Notwithstanding anything to the contrary contained herein, any rights and/or
options of first offer, refusal, or extension granted to Tenant shall be
personal to the Tenant named herein and shall be deemed null and void in the
event of any assignment of this Lease or sublease of all or substantially all of
the Premises.

         (B) No consent by Landlord to an assignment of this Lease shall be
effective until Tenant shall deliver to Landlord an agreement in form and
substance satisfactory to Landlord pursuant to which such assignee assumes and
agrees to be bound by all of the terms, covenants, conditions, provisions and
agreements of this Lease.
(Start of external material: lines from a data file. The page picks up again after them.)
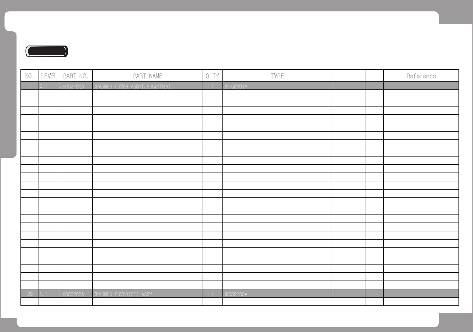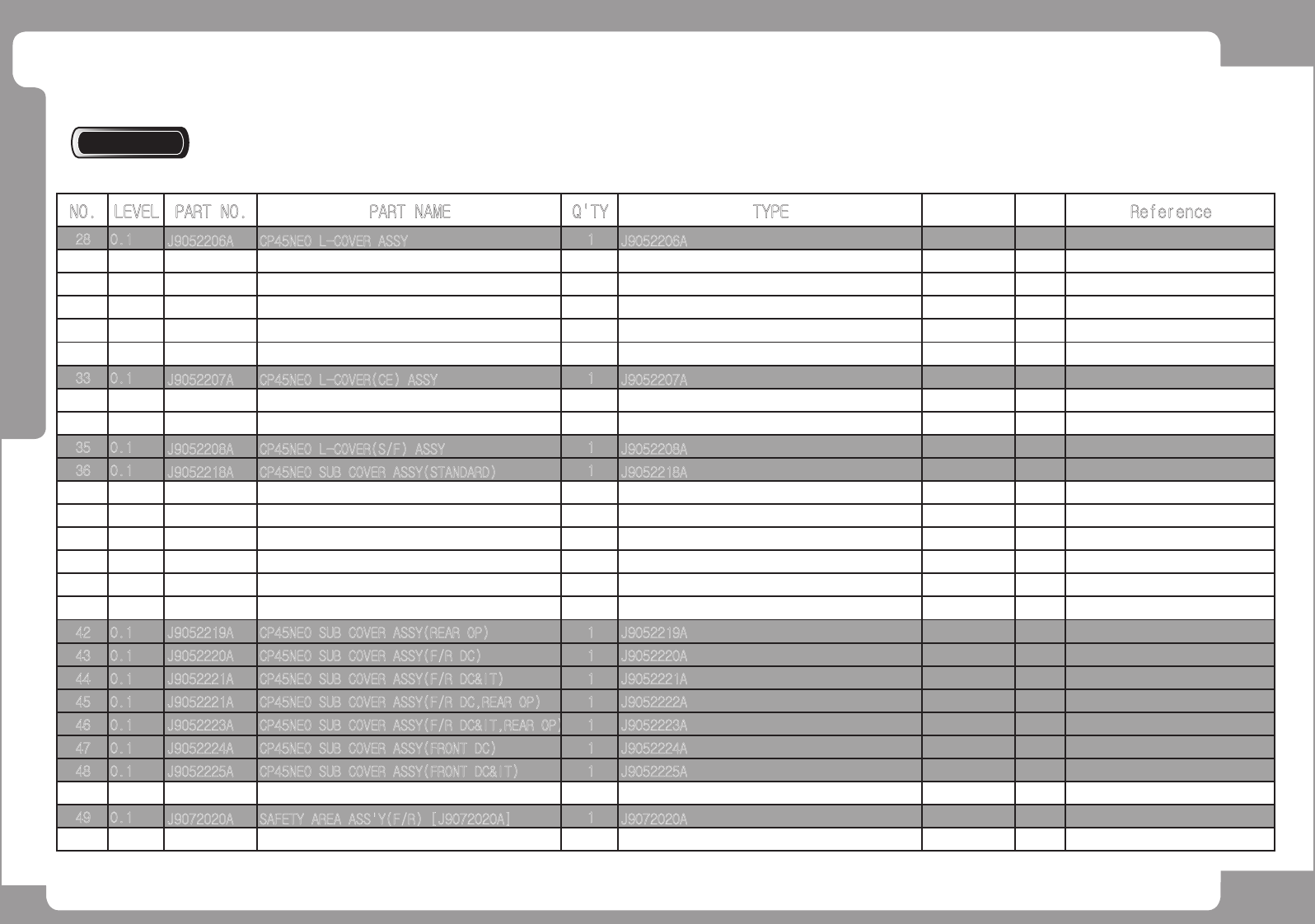 Part List SAMSUNG TECHWIN Page 85 CP45NEO C over Ass’y NO. LEVEL PART NO. PART NAME Q'TY TYPE Old No . Stock Reference 28 0.1 J9052206A CP45NEO L-COVER ASSY 1 J9052206A 29 ...3 J7070093B COVER-L.F.U-LARGE 1 J7070093…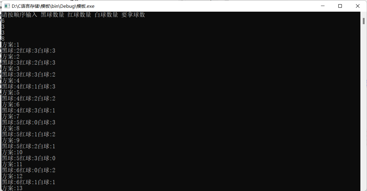 为原题扩展 输入三种球的数量 并输入要拿出多少球 输出所有方案.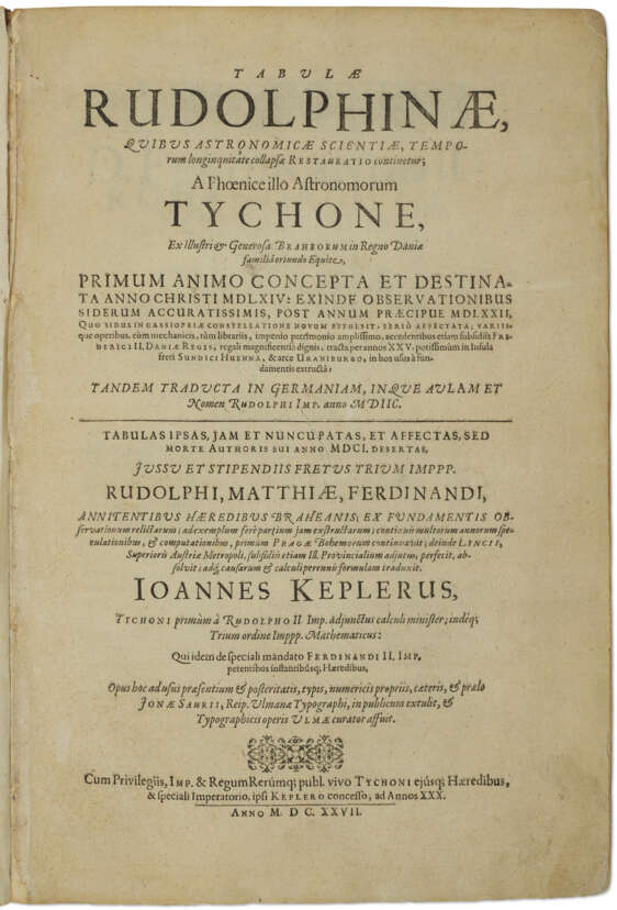 This work is bibliographically complex. One thousand copies were printed in Ulm in 1627. There are three states of this printing, affecting only the title-page and the first two gatherings, and largely explained by the publishing history of the book. The title exists in three states; the above is in the third state. The first gathering (dedication to Ferdinand II by Brahe’s heirs and Kepler) is in the third state, and the second gathering (dedicatory poem by Johann Baptiste Hebenstreit) is also in the third state. Brahe had entrusted Kepler to complete his planetary tables, but over the 26 years that it took Kepler to perform this task, the work became his own. Nonetheless, he included a dedication by Brahe’s heirs to the Emperor, as well as one of his own of much greater length. The heirs took exception to this, and so Kepler modified the dedication. Kepler moved from Ulm to Sagan in 1628, and published in Sagan in 1629 the Sportula. The present copy includes the Sportula, which consists of directions for using the tables for astrological purposes.

In no event shall Tenant be released from its
obligations hereunder as a result of any assignment of this Lease, and the
Tenant named herein and any assignee of such Tenant who assumes the obligations
of the named Tenant under this Lease, from and after such assignment, shall be
jointly and severally liable for performance of all obligations of Tenant under
this Lease.

         (C) If the rent and other sums payable to Tenant by an assignee or
sublessee for or in connection with an assignment of this Lease or the sublease
of all or any part of the Premises shall be in excess (the "Excess") of the Base
Rent and any Additional Rent provided for in this Lease (allocated on a per
square foot basis in the event of a sublease of less than all of the Premises),
Tenant shall so notify Landlord and shall pay Landlord the Excess as and when
received by Tenant.

    SECTION 4.03 CARE OF PREMISES. Subject to the provisions of Sections 6.01
and 6.02 hereof, Tenant shall maintain and repair the Premises during the Term
and preserve same in the condition delivered to Tenant on the Commencement Date,
normal wear and tear excepted. Tenant shall be responsible for repainting and
redecorating the Premises, and making repairs, replacements and alterations as
needed, in a good and workmanlike manner in accordance with the terms and
provisions of this Lease. Landlord shall repair or replace, at Tenant's expense,
any damage done to the Building or any part thereof caused by Tenant or Tenant's
agents, employees, contractors, invitees or visitors. Tenant agrees to give
Landlord or its managing agent prior written notice of the necessity for any
repairs to the Premises and shall not proceed to perform same until Landlord or
its managing agent has consented thereto. Upon the expiration of the Term or
other termination of this Lease, Tenant shall peaceably surrender to Landlord
the Premises, broom clean, in the same condition as existed on the Commencement
Date, excepting only ordinary wear and tear.


                                      -11-
<PAGE>   13
    SECTION 4.04      COMPLIANCE WITH LAW.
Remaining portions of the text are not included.